What about the four clients?
Back when we created this layout, ingest nodes did not exist, so these nodes managed security and acted as coordinating nodes. The reason we start with so many is redundancy and to ensure that in ingest scenarios that you have plenty of end points to spread your traffic across. There’s very little queueing on each coordinating node, so having multiple nodes to spread traffic to helps avoid the problem of a coordinating node backing up.
This also creates the opportunity in use cases where you want a dedicated endpoint for one part of your application to avoid congestion, while the rest of the application uses the other endpoints. Most Elasticsearch clients handle multiple endpoints out of the box, so the only configuration required on your end is dropping all of the client hostnames into your connection code.
Now, with the addition of ingest nodes in Elasticsearch 5.x, there are new ways to split up these clients. All client nodes are capable of accepting ingest pipelines and traffic, but you can only choose to point your application at a subset. This gives you a nice easy way of giving some dedicated horsepower to your ingest pipelines, while not bogging down the rest of your traffic.
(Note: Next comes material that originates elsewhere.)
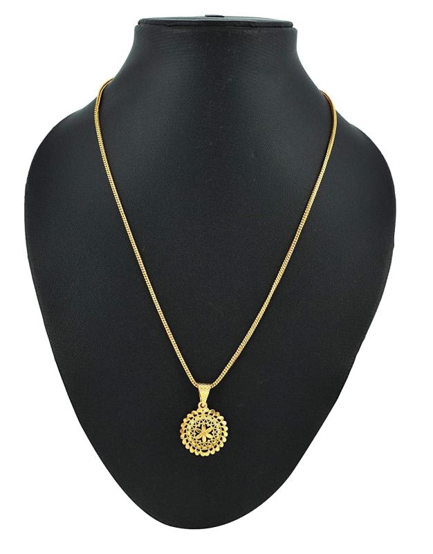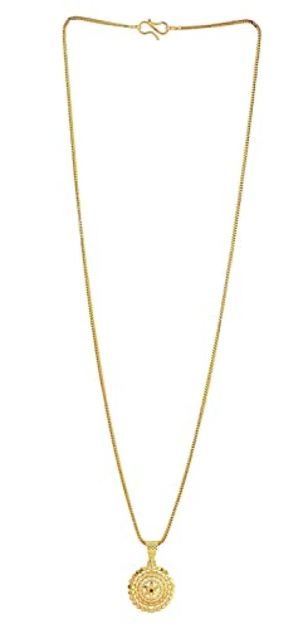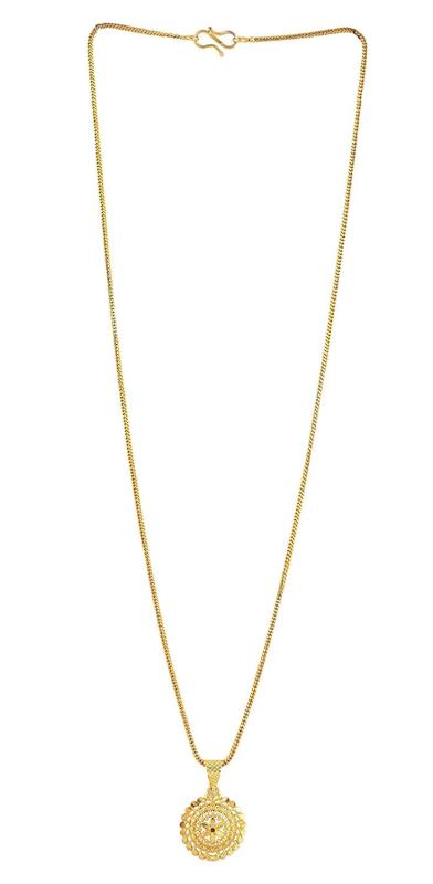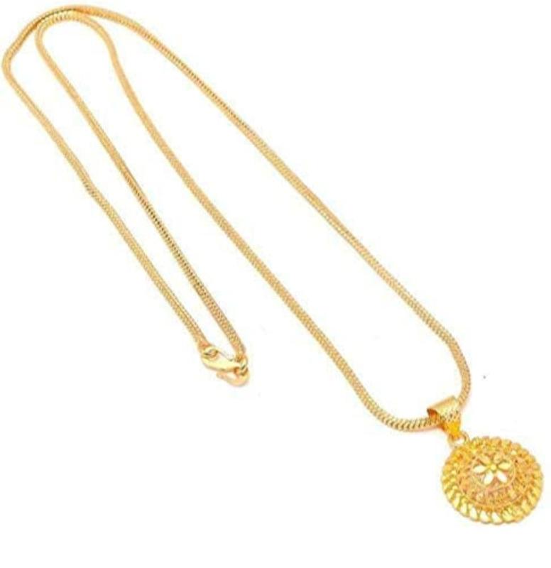Elevate your style with this latest 22Ct plated chain featuring a stylish pendant. This celebrity-inspired jewelry set is a must-have fashion accessory.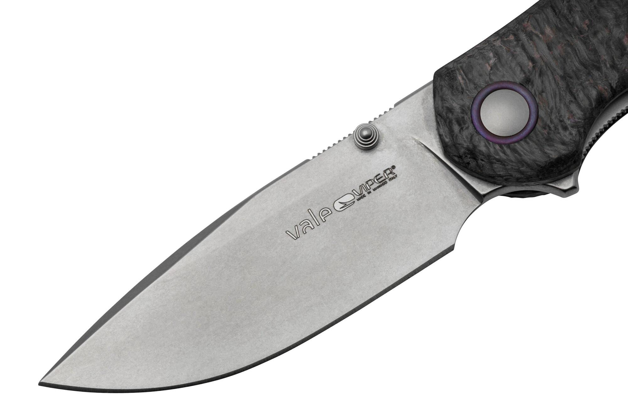 Vale je robustný flipper nôž s osvedčeným liner lockom. Viper predstavuje Vale s čepeľou z nehrdzavejúcej ocele CPM-MagnaCut v tvare drop point a modernými materiálmi rukoväte, ako sú Micarta, carbon fiber a rôzne druhy dreva.

How does this setup impact security?
One of the other advantages of this arrangement is that we’re able to keep all of the data on internal private networks. Only the client nodes and Kibana nodes are accessible from the public internet, AWS Direct Connect, or Rackspace ServiceNet. Both the Kibana and client nodes manage their own set of access control lists (ACLs) and user authentication to ensure that our service is secure at the edge. All of the data nodes and master nodes are isolated on private internal networks.
If you’ve read the whole blog, I applaud you and thank you for your time. The bottom line is that our goal at ObjectRocket is for everyone to have a fast, stable cluster that can scale. Elasticsearch has a lot of the tools to enable that baked in, but we’ve tweaked where we can, and that’s by putting together a cluster design that makes Elasticsearch and Kibana fly for you and scale easily as you grow. You focus on your app, we’ve got the data.